INFORMATION SHOWN
■ ■ ■ ■ ■ ■ ■

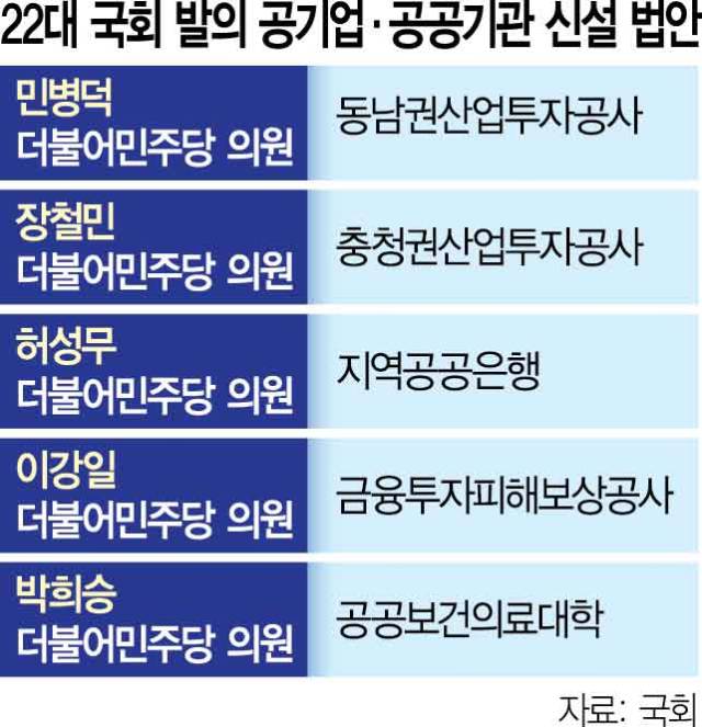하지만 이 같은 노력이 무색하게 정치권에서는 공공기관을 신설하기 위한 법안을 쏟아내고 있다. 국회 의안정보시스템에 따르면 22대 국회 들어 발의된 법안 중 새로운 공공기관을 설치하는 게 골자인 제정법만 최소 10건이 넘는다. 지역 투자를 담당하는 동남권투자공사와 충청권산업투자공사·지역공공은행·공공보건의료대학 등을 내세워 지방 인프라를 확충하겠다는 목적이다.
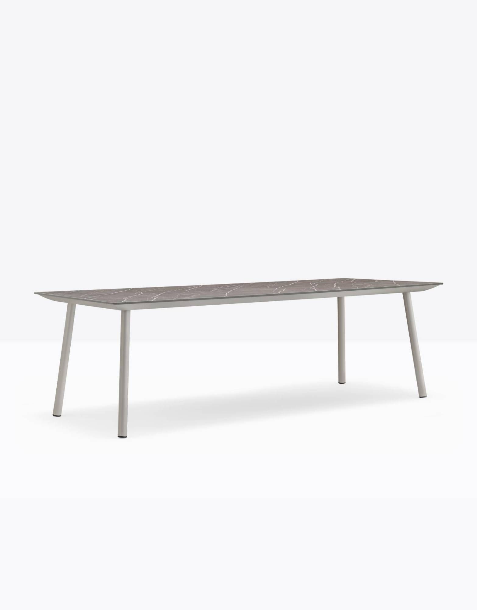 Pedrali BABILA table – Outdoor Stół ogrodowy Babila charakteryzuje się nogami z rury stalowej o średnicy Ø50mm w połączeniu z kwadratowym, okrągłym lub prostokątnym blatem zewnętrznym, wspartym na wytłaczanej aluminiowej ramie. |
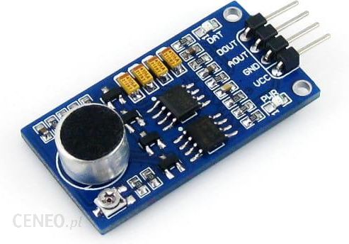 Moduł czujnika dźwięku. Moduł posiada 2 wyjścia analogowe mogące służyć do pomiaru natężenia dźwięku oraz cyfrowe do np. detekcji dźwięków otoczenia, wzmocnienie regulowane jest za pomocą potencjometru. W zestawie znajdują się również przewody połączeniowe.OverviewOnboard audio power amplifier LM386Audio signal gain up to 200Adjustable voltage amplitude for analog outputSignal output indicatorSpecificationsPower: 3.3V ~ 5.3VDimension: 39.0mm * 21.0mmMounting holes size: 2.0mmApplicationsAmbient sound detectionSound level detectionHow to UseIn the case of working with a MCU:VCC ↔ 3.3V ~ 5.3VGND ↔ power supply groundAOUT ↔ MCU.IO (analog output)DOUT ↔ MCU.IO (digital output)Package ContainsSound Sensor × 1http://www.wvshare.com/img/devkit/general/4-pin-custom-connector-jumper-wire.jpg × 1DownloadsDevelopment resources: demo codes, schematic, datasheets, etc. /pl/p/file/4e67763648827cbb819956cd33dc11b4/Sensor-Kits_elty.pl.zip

■ ■ ■ ■ ■ ■ ■

BRIEF
In transcribing the lines above, omit the images and keep all else exact.

OUTPUT BELOW
하지만 이 같은 노력이 무색하게 정치권에서는 공공기관을 신설하기 위한 법안을 쏟아내고 있다. 국회 의안정보시스템에 따르면 22대 국회 들어 발의된 법안 중 새로운 공공기관을 설치하는 게 골자인 제정법만 최소 10건이 넘는다. 지역 투자를 담당하는 동남권투자공사와 충청권산업투자공사·지역공공은행·공공보건의료대학 등을 내세워 지방 인프라를 확충하겠다는 목적이다.
 Pedrali BABILA table – Outdoor Stół ogrodowy Babila charakteryzuje się nogami z rury stalowej o średnicy Ø50mm w połączeniu z kwadratowym, okrągłym lub prostokątnym blatem zewnętrznym, wspartym na wytłaczanej aluminiowej ramie. |
 Moduł czujnika dźwięku. Moduł posiada 2 wyjścia analogowe mogące służyć do pomiaru natężenia dźwięku oraz cyfrowe do np. detekcji dźwięków otoczenia, wzmocnienie regulowane jest za pomocą potencjometru. W zestawie znajdują się również przewody połączeniowe.OverviewOnboard audio power amplifier LM386Audio signal gain up to 200Adjustable voltage amplitude for analog outputSignal output indicatorSpecificationsPower: 3.3V ~ 5.3VDimension: 39.0mm * 21.0mmMounting holes size: 2.0mmApplicationsAmbient sound detectionSound level detectionHow to UseIn the case of working with a MCU:VCC ↔ 3.3V ~ 5.3VGND ↔ power supply groundAOUT ↔ MCU.IO (analog output)DOUT ↔ MCU.IO (digital output)Package ContainsSound Sensor × 1http://www.wvshare.com/img/devkit/general/4-pin-custom-connector-jumper-wire.jpg × 1DownloadsDevelopment resources: demo codes, schematic, datasheets, etc. /pl/p/file/4e67763648827cbb819956cd33dc11b4/Sensor-Kits_elty.pl.zip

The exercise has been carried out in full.